In Aleisha’s case, monitoring was completed in just three days – a goal many EMU patients might aim to achieve because no showers are allowed when the wires are attached to their heads. While patients are in one of the unit’s two private rooms, nurses trained in epilepsy care make regular checks and use a desk station monitor to watch over patients and respond to an alarm when a patient activates an alert. When the unit expands later this year, it will accommodate up to three patients for monitoring each month.

During the patient’s stay, family and friends drop by to chat, share a meal, play cards, or watch a video. For an adult, a relative or friend may stay overnight to sound an alert if the patient has a seizure. For a child, an adult must stay for the entire monitoring period.
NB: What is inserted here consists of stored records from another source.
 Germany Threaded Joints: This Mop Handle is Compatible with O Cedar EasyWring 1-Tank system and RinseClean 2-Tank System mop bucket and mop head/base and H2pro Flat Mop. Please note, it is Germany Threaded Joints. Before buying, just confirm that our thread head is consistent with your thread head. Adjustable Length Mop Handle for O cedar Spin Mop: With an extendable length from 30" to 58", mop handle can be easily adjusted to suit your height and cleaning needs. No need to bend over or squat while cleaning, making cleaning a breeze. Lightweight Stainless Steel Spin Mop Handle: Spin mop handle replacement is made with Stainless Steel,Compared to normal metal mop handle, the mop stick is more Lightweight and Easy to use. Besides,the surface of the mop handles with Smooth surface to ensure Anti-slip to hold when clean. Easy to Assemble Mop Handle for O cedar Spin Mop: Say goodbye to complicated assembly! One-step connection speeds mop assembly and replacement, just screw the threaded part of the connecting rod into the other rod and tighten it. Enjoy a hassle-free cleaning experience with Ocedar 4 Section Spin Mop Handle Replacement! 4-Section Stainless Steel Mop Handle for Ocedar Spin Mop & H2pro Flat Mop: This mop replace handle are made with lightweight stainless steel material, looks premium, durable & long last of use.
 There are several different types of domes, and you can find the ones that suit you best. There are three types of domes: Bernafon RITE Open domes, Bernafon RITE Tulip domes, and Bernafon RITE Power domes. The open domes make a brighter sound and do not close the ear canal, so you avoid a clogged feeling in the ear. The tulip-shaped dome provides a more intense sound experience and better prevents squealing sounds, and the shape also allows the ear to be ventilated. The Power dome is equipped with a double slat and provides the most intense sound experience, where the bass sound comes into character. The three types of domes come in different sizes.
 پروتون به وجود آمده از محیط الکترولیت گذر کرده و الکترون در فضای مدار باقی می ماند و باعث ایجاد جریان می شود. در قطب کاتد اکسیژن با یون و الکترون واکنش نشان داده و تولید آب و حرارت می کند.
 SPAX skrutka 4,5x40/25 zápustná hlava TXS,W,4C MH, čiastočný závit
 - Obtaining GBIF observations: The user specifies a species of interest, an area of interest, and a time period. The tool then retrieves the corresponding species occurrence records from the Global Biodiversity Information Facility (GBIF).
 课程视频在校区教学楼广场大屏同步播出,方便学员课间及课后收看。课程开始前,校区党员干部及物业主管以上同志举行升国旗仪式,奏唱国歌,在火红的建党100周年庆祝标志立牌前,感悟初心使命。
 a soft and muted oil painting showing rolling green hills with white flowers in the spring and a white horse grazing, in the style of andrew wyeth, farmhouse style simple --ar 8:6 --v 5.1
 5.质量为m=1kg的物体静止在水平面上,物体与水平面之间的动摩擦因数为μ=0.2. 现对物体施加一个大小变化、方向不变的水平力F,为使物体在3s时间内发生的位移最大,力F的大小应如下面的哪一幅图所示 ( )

Aleisha’s test results showed that her epilepsy could be treated with medication. Her blackouts began decreasing shortly after starting the prescription Dr. Bonno ordered. Adjusting the dosage to find the correct level of drug for each patient, while keeping side effects to a minimum, can take several weeks. Since her last dosage adjustment in January, Aleisha hasn’t had a seizure. That’s reduced her anxiety and calmed Roscoe, whom she says would alert her to an impending seizure by his meowing and pacing. Those blackout-free months marked the first in nearly 50 years, she says, that a spell did not occur every few days.

“It is terrifying to live like that and know that today is a good day, but tomorrow could be very bad,” Aleisha says. “I’ve taken hard falls, broken bones, burned my hand twice in boiling water and did not realized I was injured until I woke up from a blackout.”

“I’ve got more hope now,” she says, “and I’ve told Dr. Bonno that it took me years to find her, and now I am always going to be her patient.”